Directions for this task: Only the lines from the one containing "荷の重みがスピードを上げ歓喜を上げて落ちて行く。.淡雪が舞い顔を体を泡だらけにした。 針ノ木岳〜赤沢岳 |" through the final line of the entries below are wanted, each copied exactly.

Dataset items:
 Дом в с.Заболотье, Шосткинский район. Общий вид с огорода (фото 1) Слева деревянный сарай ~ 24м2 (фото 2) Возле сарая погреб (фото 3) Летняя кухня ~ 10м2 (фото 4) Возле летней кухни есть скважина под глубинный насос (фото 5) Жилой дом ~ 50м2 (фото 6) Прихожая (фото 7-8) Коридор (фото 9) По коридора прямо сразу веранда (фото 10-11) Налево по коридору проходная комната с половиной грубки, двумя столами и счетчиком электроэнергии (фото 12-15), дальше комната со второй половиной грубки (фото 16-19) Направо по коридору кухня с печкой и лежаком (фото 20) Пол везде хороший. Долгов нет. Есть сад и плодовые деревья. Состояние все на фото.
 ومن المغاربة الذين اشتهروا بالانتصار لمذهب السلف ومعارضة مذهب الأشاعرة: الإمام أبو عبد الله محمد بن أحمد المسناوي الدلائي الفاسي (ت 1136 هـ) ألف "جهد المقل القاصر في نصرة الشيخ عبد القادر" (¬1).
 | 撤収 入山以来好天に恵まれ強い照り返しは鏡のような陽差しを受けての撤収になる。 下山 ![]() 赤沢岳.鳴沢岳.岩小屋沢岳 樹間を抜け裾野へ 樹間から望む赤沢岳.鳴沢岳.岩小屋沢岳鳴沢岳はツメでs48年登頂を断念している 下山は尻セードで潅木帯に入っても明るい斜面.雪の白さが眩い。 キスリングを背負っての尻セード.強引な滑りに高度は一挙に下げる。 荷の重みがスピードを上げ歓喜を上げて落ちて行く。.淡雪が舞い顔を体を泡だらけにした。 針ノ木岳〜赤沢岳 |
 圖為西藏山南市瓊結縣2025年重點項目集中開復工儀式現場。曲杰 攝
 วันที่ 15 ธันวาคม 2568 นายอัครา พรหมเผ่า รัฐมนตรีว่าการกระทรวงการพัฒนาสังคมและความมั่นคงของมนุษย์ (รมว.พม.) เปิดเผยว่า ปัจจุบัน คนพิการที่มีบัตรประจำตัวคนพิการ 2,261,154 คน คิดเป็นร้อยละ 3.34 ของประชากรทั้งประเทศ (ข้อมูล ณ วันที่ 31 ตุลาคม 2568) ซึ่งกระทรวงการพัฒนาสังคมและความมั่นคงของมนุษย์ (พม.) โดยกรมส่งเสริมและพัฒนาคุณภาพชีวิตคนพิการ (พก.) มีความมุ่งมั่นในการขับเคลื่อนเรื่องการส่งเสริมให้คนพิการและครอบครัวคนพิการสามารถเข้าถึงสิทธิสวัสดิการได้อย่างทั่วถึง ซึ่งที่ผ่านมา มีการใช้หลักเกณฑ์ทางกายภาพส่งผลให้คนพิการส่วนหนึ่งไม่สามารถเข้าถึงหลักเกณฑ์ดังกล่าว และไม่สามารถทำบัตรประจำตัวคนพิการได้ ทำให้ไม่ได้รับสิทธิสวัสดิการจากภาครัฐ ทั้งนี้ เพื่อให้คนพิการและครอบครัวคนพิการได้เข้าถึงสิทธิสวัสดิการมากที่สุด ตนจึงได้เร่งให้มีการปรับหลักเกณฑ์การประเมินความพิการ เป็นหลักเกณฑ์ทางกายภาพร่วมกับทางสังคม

Task solution:
 | 撤収 入山以来好天に恵まれ強い照り返しは鏡のような陽差しを受けての撤収になる。 下山 ![]() 赤沢岳.鳴沢岳.岩小屋沢岳 樹間を抜け裾野へ 樹間から望む赤沢岳.鳴沢岳.岩小屋沢岳鳴沢岳はツメでs48年登頂を断念している 下山は尻セードで潅木帯に入っても明るい斜面.雪の白さが眩い。 キスリングを背負っての尻セード.強引な滑りに高度は一挙に下げる。 荷の重みがスピードを上げ歓喜を上げて落ちて行く。.淡雪が舞い顔を体を泡だらけにした。 針ノ木岳〜赤沢岳 |
 圖為西藏山南市瓊結縣2025年重點項目集中開復工儀式現場。曲杰 攝
 วันที่ 15 ธันวาคม 2568 นายอัครา พรหมเผ่า รัฐมนตรีว่าการกระทรวงการพัฒนาสังคมและความมั่นคงของมนุษย์ (รมว.พม.) เปิดเผยว่า ปัจจุบัน คนพิการที่มีบัตรประจำตัวคนพิการ 2,261,154 คน คิดเป็นร้อยละ 3.34 ของประชากรทั้งประเทศ (ข้อมูล ณ วันที่ 31 ตุลาคม 2568) ซึ่งกระทรวงการพัฒนาสังคมและความมั่นคงของมนุษย์ (พม.) โดยกรมส่งเสริมและพัฒนาคุณภาพชีวิตคนพิการ (พก.) มีความมุ่งมั่นในการขับเคลื่อนเรื่องการส่งเสริมให้คนพิการและครอบครัวคนพิการสามารถเข้าถึงสิทธิสวัสดิการได้อย่างทั่วถึง ซึ่งที่ผ่านมา มีการใช้หลักเกณฑ์ทางกายภาพส่งผลให้คนพิการส่วนหนึ่งไม่สามารถเข้าถึงหลักเกณฑ์ดังกล่าว และไม่สามารถทำบัตรประจำตัวคนพิการได้ ทำให้ไม่ได้รับสิทธิสวัสดิการจากภาครัฐ ทั้งนี้ เพื่อให้คนพิการและครอบครัวคนพิการได้เข้าถึงสิทธิสวัสดิการมากที่สุด ตนจึงได้เร่งให้มีการปรับหลักเกณฑ์การประเมินความพิการ เป็นหลักเกณฑ์ทางกายภาพร่วมกับทางสังคม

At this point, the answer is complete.